The printed result should hold only the lines from the opening of the data through the line bearing "Le Bluetooth d'IBM", exactly as given and without pictures.

■ Data shown:
· · ·

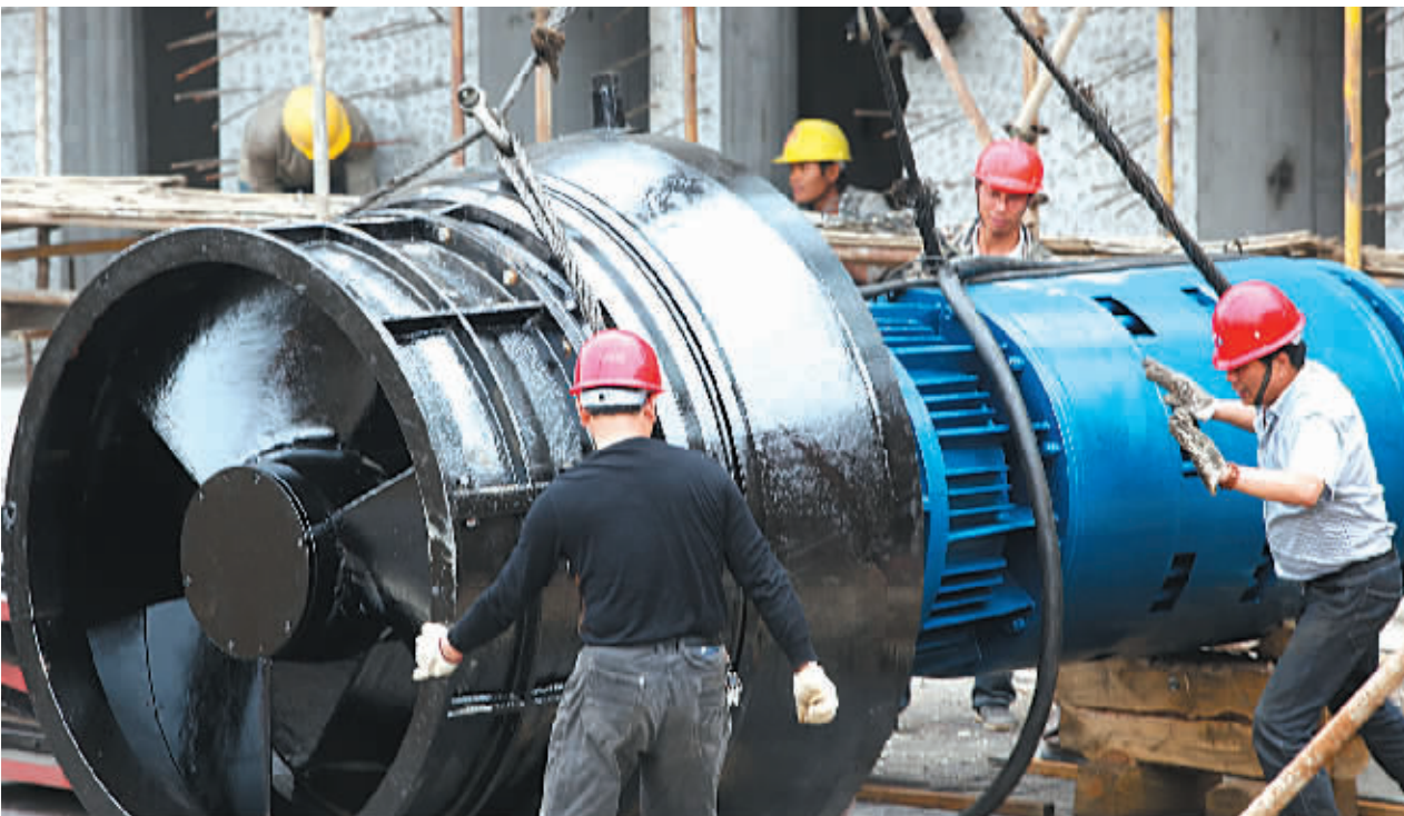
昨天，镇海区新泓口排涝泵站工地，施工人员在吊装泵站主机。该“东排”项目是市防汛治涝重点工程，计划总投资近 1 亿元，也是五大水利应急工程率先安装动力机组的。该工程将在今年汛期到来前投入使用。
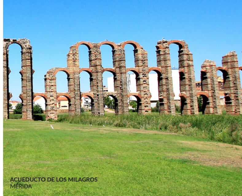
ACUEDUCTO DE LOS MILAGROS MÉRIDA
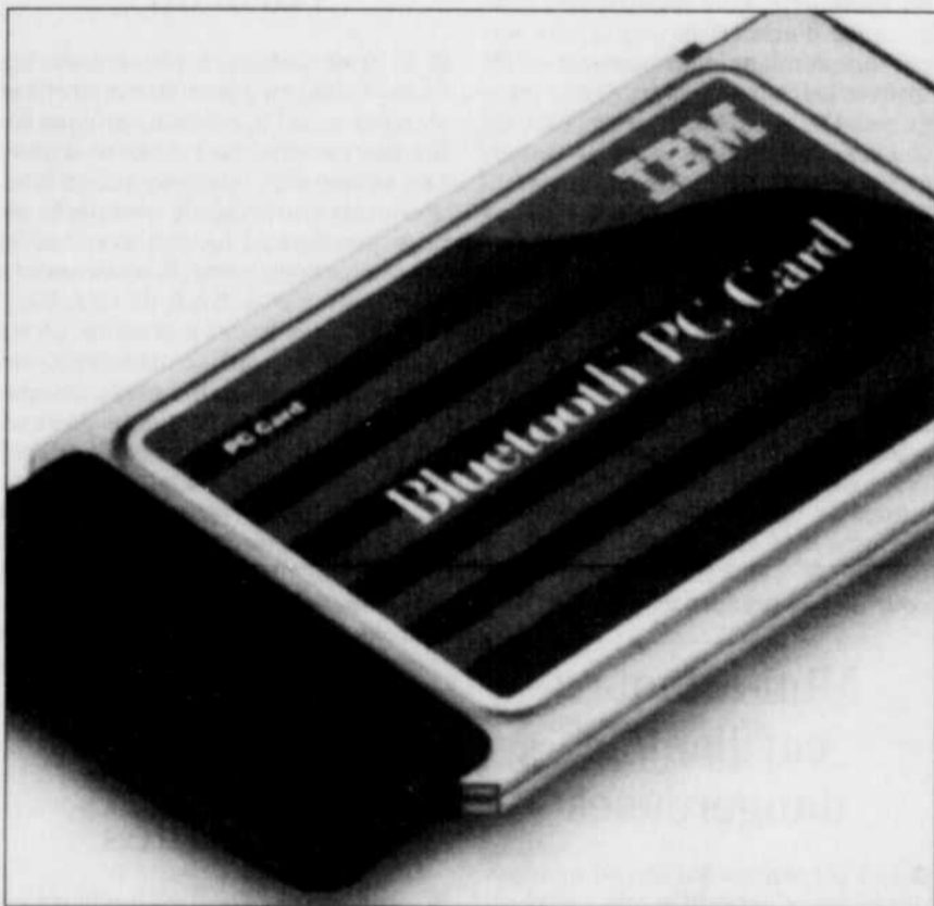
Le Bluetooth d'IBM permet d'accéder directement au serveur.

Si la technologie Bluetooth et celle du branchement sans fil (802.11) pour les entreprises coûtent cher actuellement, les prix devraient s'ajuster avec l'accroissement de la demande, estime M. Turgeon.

· · ·

■ Finished exercise:
昨天，镇海区新泓口排涝泵站工地，施工人员在吊装泵站主机。该“东排”项目是市防汛治涝重点工程，计划总投资近 1 亿元，也是五大水利应急工程率先安装动力机组的。该工程将在今年汛期到来前投入使用。
ACUEDUCTO DE LOS MILAGROS MÉRIDA
Le Bluetooth d'IBM permet d'accéder directement au serveur.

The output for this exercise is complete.